(Drivebycuriosity)
- Michel Houellebecq belongs to the most important contemporary philosophers and novel writers in France, maybe of the world.
I enjoyed his book "Elementary Particles", that I read decades ago,
and his novel "Submission", about the islamization of France (my review ). I am also fascinated by his novels "Serotin" (my review ) & "Annihilation" (review). Houellebecq`s texts are precise and analytical; he performs literary autopsies - and he likes to provoke. "The Possibility of an Island" is the most challenging Houellebecq novel I read so far (amazon ). The plot is told in first person and follows a 40 something, who is - as usual by Houellebecq - pathetic & obnoxious, but also smart and has the gift of an analytical mind.

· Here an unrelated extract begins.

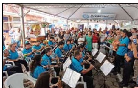
Encontro de Bandas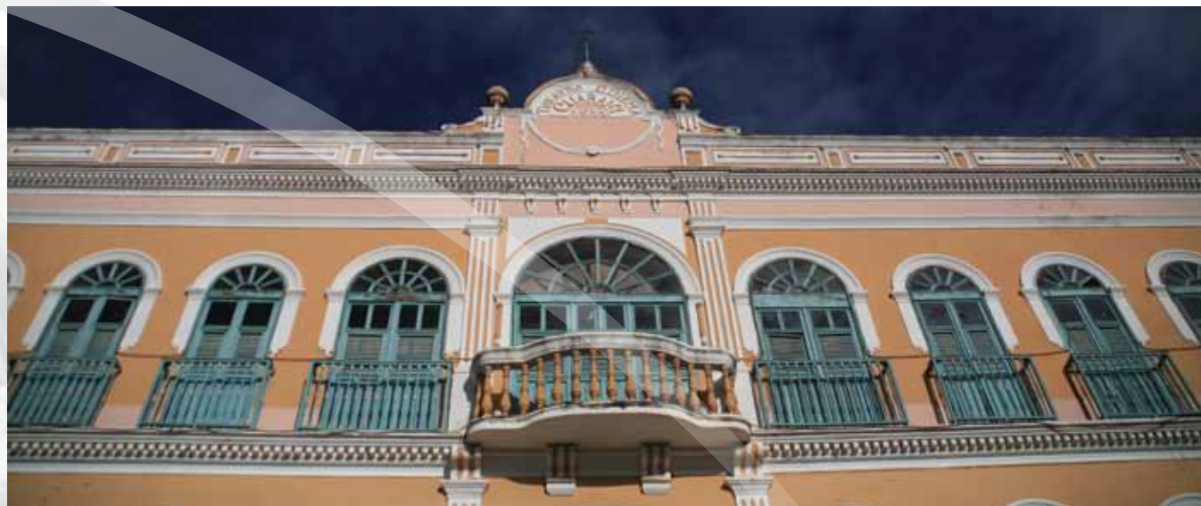
Theatro Cinema Guarany

Triunfo possui rico patrimônio arquitetônico por ter sido colonizada por europeus. A cidade ganhou deles e dos seus ricos comerciantes do final do século XIX e início do século XX, casarões, sobrados, igrejas, conventos e escolas. Um destes patrimônios é o imponente edifício do Theatro Cinema Guarany, inaugurado em 1922, construído em torno do Lago João Barbosa Sitônio.

The protagonist has a very successful career as a comedia by bringing "together the commercial advantages of pornography and ultra-violence.” We learn about his professional development, his relationships with women and his experiences with an uprising bizarre sect (this is a spoiler free blog). Parts of the plot are told in a far future by distant descendants of the protagonist.
The novel is philosophical with a pessimist undertone - as usual for Houellebecq. I am not too much
impressed by the plot. But what makes me reading him again and again -
and makes me a fan of him - are the author`s sharp wit and his analytical & precise musings about almost anything.
Incestuous Temptations
Houellebecq portraits "the honest folk, those who work, who ensure the effective
production of wealth, also those who make sacrifices for their
children—in a manner that is rather comic or, if you like, pathetic (but
I was, above all, a comedian); those who have neither beauty in their
youth, nor ambition later, nor riches ever; but who hold on
wholeheartedly, and more sincerely than anyone, to the values of beauty,
youth, wealth, ambition, and sex; those who, in some kind of way, make
the sauce bind".
He makes fun of the "mediocrity of the middle classes" in general and captures the "incestuous temptations of mid-career intellectuals", who are aroused by their daughters or daughters-in-law, with their bare belly buttons and thongs showing above their pants.
Same Fate As The Punks
The author shows a surprisingly optimist view about the Islamization of the western world (different from his novel "Submission) and assumes that the Islamic fundamentalists, who had appeared in the 2000s, will suffer more or less the same fate as the punks! At first they had been made obsolete by the appearance of polite, gentle, and pious Muslims — a kind of equivalent of New Wave, to continue the analogy; the girls at this time still wore the veil, but it was pretty, decorated, with lace and see-through material, rather like an erotic accessory, in fact. And of course, subsequently, the phenomenon had progressively died out: the expensively built mosques were deserted, and the Arab immigrant girls were once again available in the sexual marketplace, like everyone else.
Quest For Salvation
Houellebecq finds it amusing to observe that it’s always the enemies of freedom who find themselves, at one moment or another, most in need of it.
He makes fun of the saints, who - in their quest for salvation -, obey motives that were only partially altruistic (even though submission to the will of the Lord, which they professed, must have often been simply a convenient way of justifying to others their natural altruism), but prolonged belief in a manifestly absent divine entity provoked in them displays of idiocy incompatible in the long term with the maintenance of a technological civilization.
The One Real Pleasure
Houellebecq claims that sexual
pleasure is not only superior, in refinement and violence, to all the
other pleasures life had to offer; it is not only the one pleasure with
which there is no collateral damage to the organism, but which on the
contrary contributes to maintaining it at its highest level of vitality
and strength; it was in truth the sole pleasure, the sole objective of
human existence, and all other pleasures—whether associated with rich
food, tobacco, alcohol, or drugs—were only derisory and desperate
compensations, mini-suicides that did not have the courage to speak
their name, attempts to speed up the destruction of a body that no
longer had access to the one real pleasure.